#### Exercise input

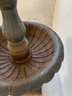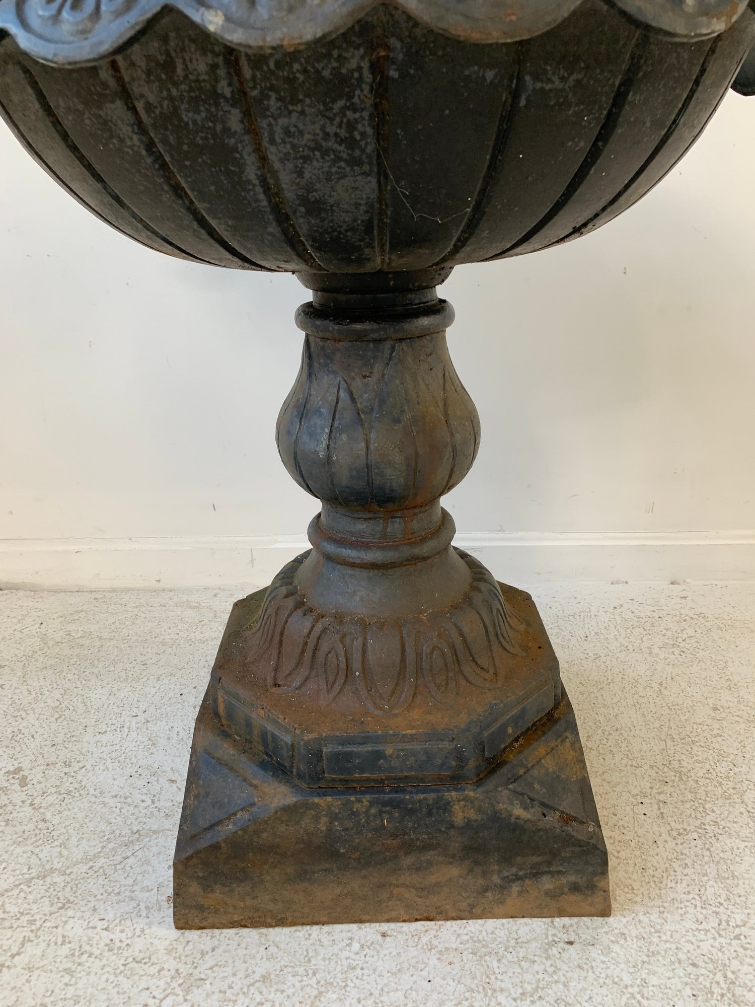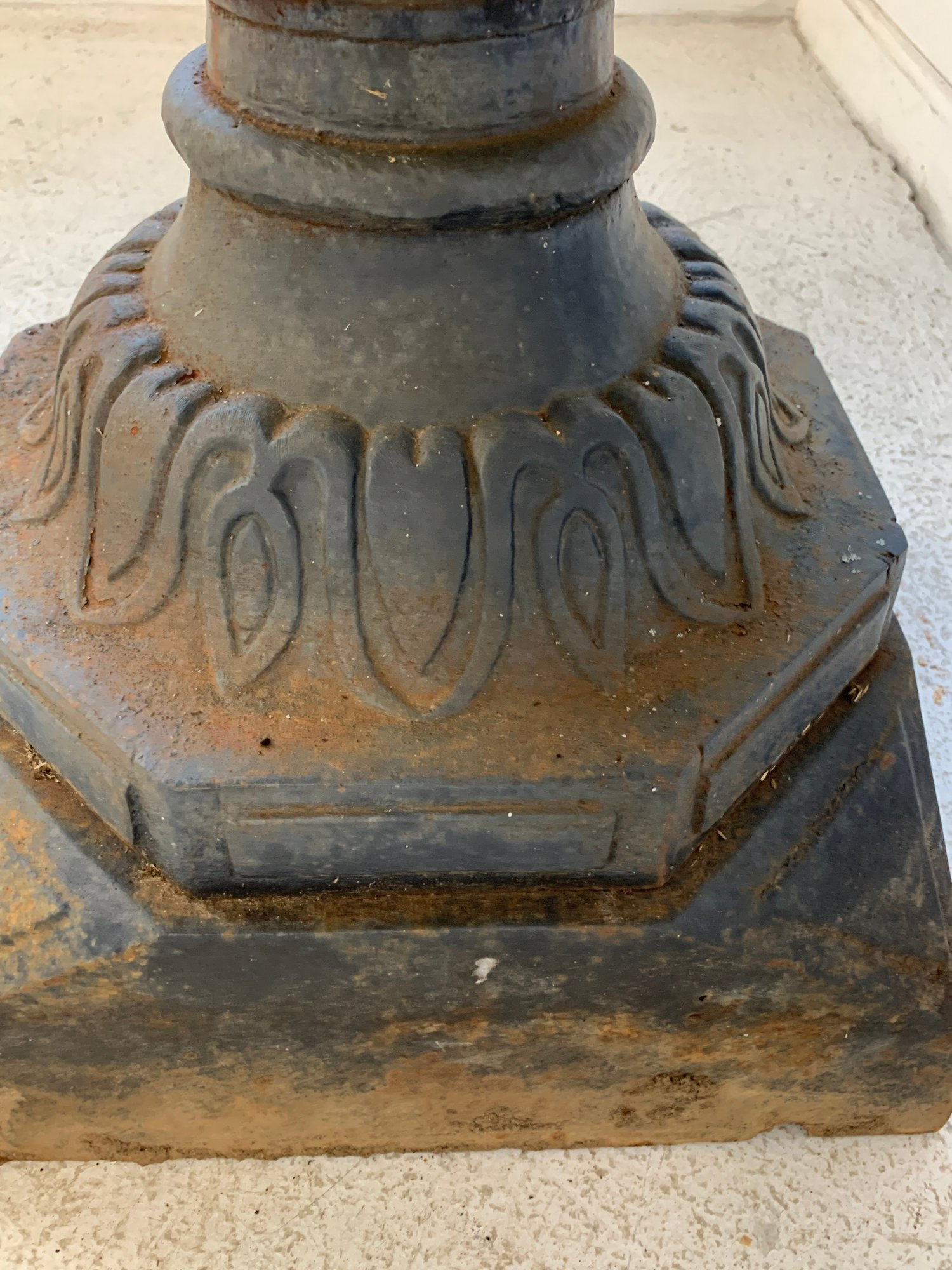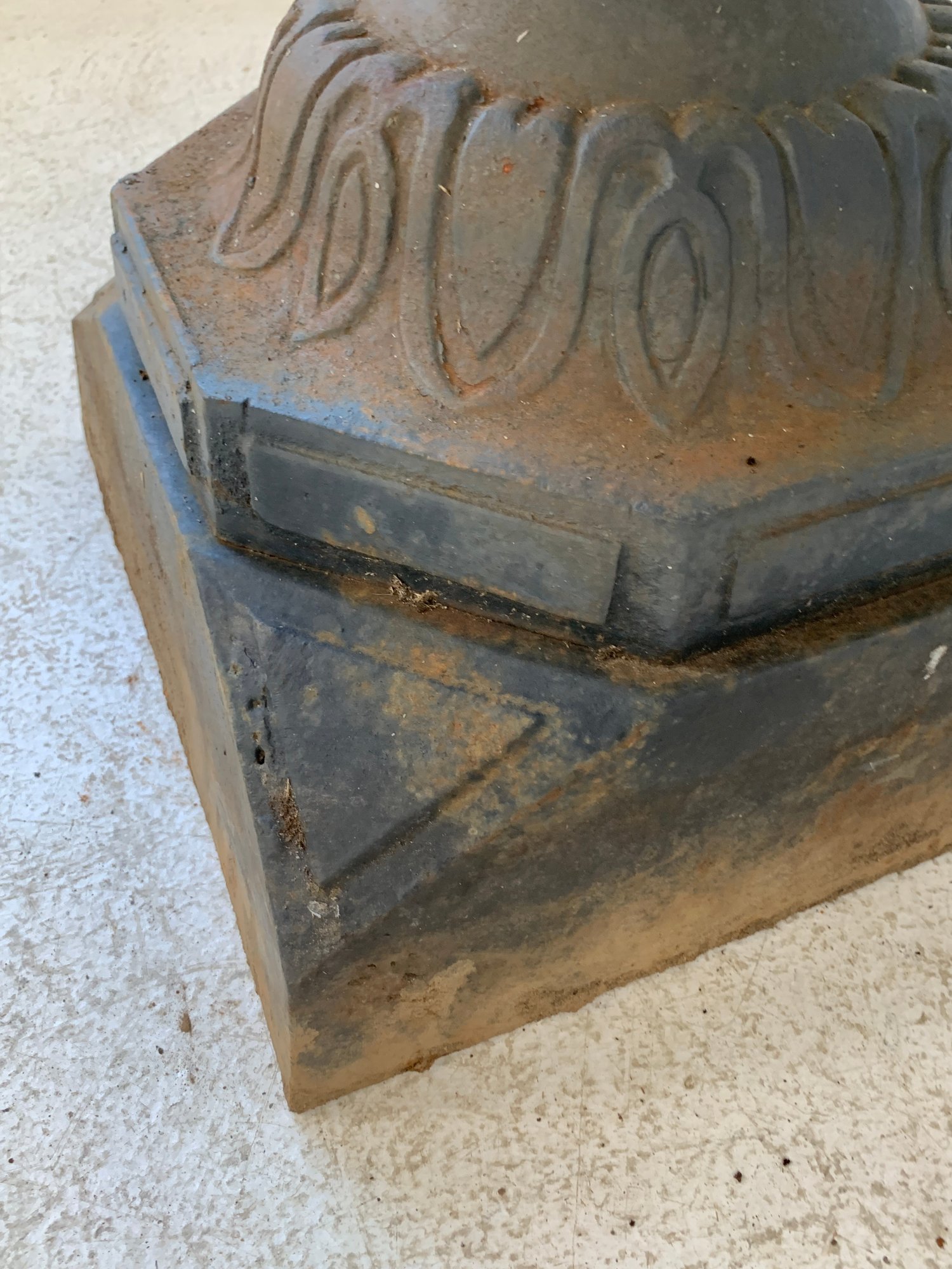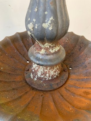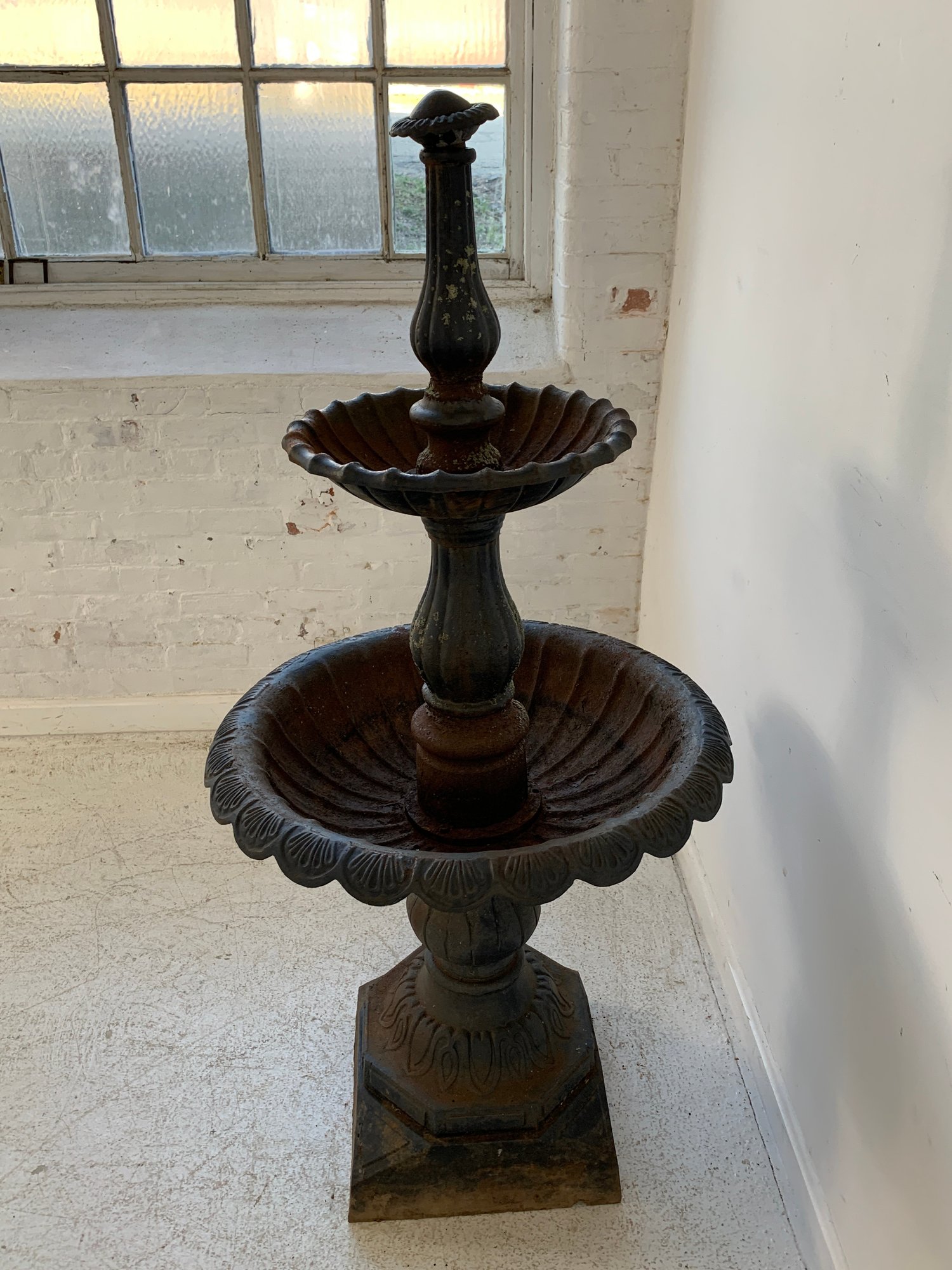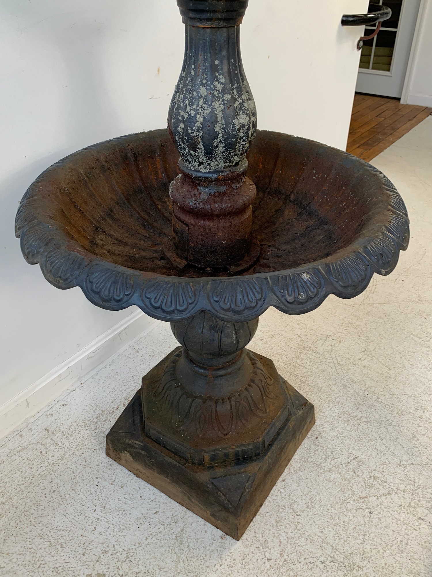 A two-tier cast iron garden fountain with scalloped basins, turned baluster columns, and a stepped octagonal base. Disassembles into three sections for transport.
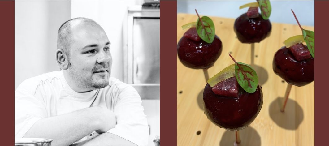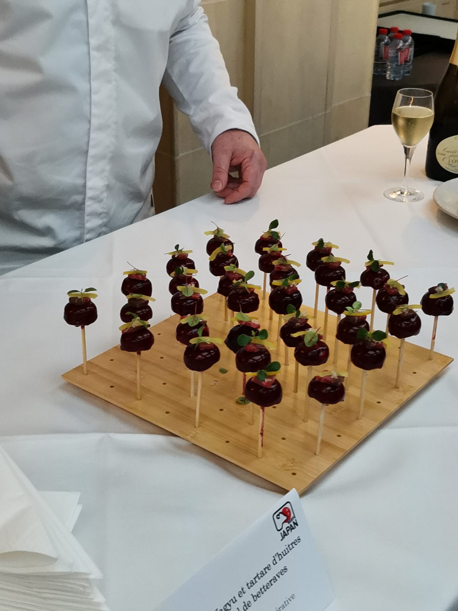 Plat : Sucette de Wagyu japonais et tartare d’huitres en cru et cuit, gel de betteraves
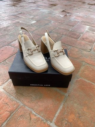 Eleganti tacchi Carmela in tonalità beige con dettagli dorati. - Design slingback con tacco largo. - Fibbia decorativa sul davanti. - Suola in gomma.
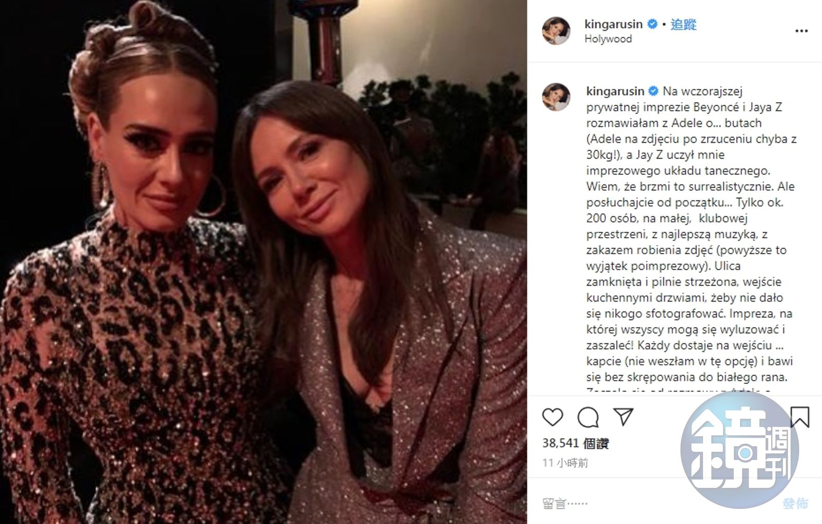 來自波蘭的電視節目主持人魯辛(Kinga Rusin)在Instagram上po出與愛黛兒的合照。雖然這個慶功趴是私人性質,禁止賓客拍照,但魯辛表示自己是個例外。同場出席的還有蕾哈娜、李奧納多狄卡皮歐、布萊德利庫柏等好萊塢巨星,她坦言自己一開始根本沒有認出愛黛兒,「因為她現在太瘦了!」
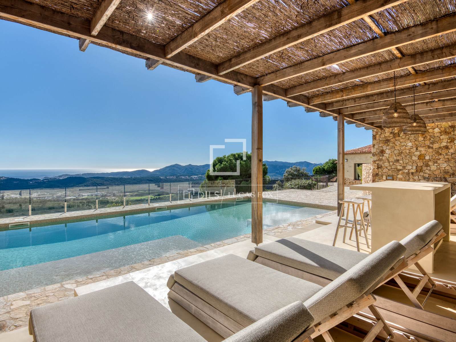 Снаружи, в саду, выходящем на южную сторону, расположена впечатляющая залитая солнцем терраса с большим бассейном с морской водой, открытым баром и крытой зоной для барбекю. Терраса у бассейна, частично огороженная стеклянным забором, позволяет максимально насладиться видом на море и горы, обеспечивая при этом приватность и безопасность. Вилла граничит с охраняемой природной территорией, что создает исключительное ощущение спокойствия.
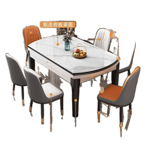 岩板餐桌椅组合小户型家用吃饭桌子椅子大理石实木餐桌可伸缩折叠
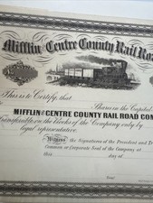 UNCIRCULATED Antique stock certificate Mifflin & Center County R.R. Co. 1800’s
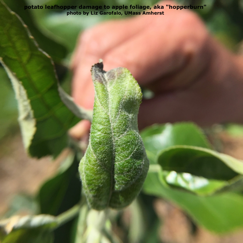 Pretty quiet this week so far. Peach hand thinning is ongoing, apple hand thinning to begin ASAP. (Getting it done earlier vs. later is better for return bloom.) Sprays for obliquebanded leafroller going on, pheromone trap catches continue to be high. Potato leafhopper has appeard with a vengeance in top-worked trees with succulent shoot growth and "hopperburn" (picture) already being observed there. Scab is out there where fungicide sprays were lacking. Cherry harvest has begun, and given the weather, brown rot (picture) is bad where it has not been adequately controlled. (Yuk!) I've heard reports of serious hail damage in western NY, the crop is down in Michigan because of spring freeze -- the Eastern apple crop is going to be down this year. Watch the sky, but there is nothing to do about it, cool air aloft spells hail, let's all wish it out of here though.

########

* **Task to complete**
The lines to reproduce run from the one above containing "岩板餐桌椅组合小户型家用吃饭桌子椅子大理石实木餐桌可伸缩折叠" through the one containing "UNCIRCULATED Antique stock". Copy them exactly and leave out all pictures.

* **Your response**
 岩板餐桌椅组合小户型家用吃饭桌子椅子大理石实木餐桌可伸缩折叠
 UNCIRCULATED Antique stock certificate Mifflin & Center County R.R. Co. 1800’s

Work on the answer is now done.